Вы здесь

Горец. Вверх по течению. 6 (Дмитрий Старицкий, 2015)

6

Наш обоз догнал батальон только на перевале, где тот должен был построить укрепления для горных стрелков. Горная дорога представляла собой сплошной серпантин с пологим подъемом: километр вправо – три километра влево и наоборот. С одной стороны обтесанная гора, с другой – крутой склон до нижнего витка серпантина. Но это была дорога, построенная людьми, а не горная тропа. На ней вполне могли разъехаться без напряжения две повозки, следующие в разных направлениях. Как представишь себе, сколько сюда вбухано ручного труда, так страшно становится.

– Десять лет эту Горно-винетскую дорогу строили, – пояснил мне юнкер Клевфорт, когда перед сном мы вместе любовались красивым горным закатом. – Она имела статус общеимперской стройки под личным патронажем императора. Все для того, чтобы не возить южные товары морем в обход всего континента, да еще чужими кораблями. Хотя бы только для южных районов страны. Да, ты прав, ручками всё, ручками возвели, а горы рвали черным порохом. Поначалу сюда согнали каторжан, но потом поняли, что те будут ее строить до возврата богов. На этой дороге и родились военно-строительные батальоны. Как раз реформа прошла о всеобщей воинской повинности, а требования к человеческому материалу в боевых частях повысилось. Куда-то надо было деть толпу безграмотных призывников, желательно с пользой. Но теперь нас будут использовать не только для строительства таких стратегических объектов в тылу, но и для полевой фортификации – как говорят штабисты, готовить так называемые «заранее подготовленные позиции».

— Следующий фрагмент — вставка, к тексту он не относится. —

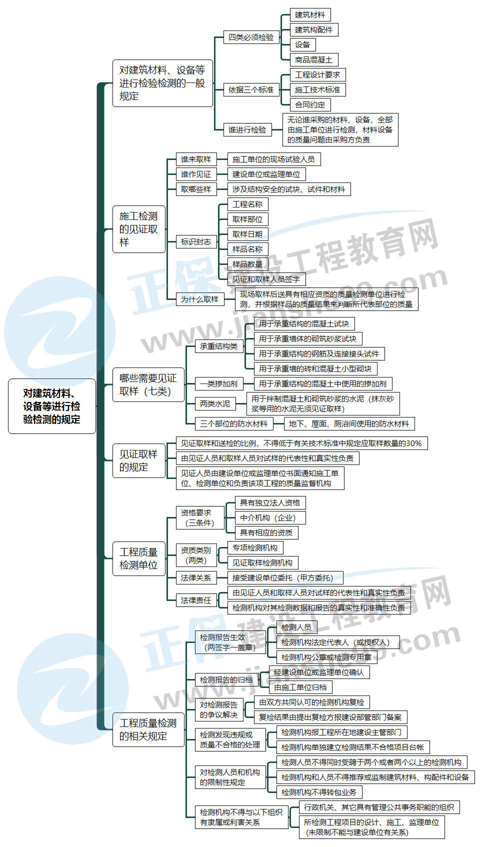 2022二建法規(guī):對建筑材料、設備等進行檢驗檢測的規(guī)定(思維導圖)

– Осмелюсь спросить, господин юнкер, а какова ваша инженерная специальность? – задал я давно меня интересующий вопрос.

– Я архитектор от фортификации, а товарищ мой будет инженер по возведению военных зданий и сооружений. Через год, когда дипломный проект в академии защитим, – не чинясь, ответил Клевфорт. – Просто пойти производителем работ на стройку мне семья бы не дала. Даже под офицерскими петлицами. Невместно старой имперской аристократии иметь дело с грязной стройкой, как простому купцу-подрядчику. А архитектор – это даже где-то благородно, – засмеялся он. – За́мки там проектировать… Воздушные на песке. Романтика рыцарских времен. Что еще хочешь спросить, я же твой вопрос в глазах вижу?

– На присяге наш маркграф сказал, что мы можем в армии бесплатно обучиться грамоте. Это правда? – выпалил я.

– Истинная правда, Савва. Как обустроимся, так и начнем заниматься с теми, кто желает. Это наша юнкерская обязанность помимо инженерной практики. А когда нет юнкера, то все зависит от желания офицеров роты взять на себя такую дополнительную нагрузку. Как прибудем в расположение, так денька через три-четыре подходи, что-нибудь придумаем. Только учти, вся учеба будет за счет твоего свободного времени, которого у солдата и так негусто. Так что большого наплыва в классы я не ожидаю.

– Тогда не забудьте, господин юнкер, – столбил я халяву, – я первый на очереди за грамотой. Не только рецкой. Желательно было бы мне еще и общеимперский язык освоить.

– Желаешь сделать карьеру после получения гражданства? – поднял юнкер бровь.

– Карьеру? – удивился я. – Не думал пока над этим. Я кузнец, пока меня это устраивает, раз мои изделия востребованы.

– Понимаешь, Савва, – просвещал меня аристократ, – последние десять лет, пока росла армия, все простые фабричные изделия: подковы, пилы, лопаты, топоры – шли только на мобилизационные склады. Но когда-то они заполнятся, и поток фабричных кузнечных изделий хлынет на рынок. И многих кузнецов фабриканты разорят низкими ценами. Такова правда жизни.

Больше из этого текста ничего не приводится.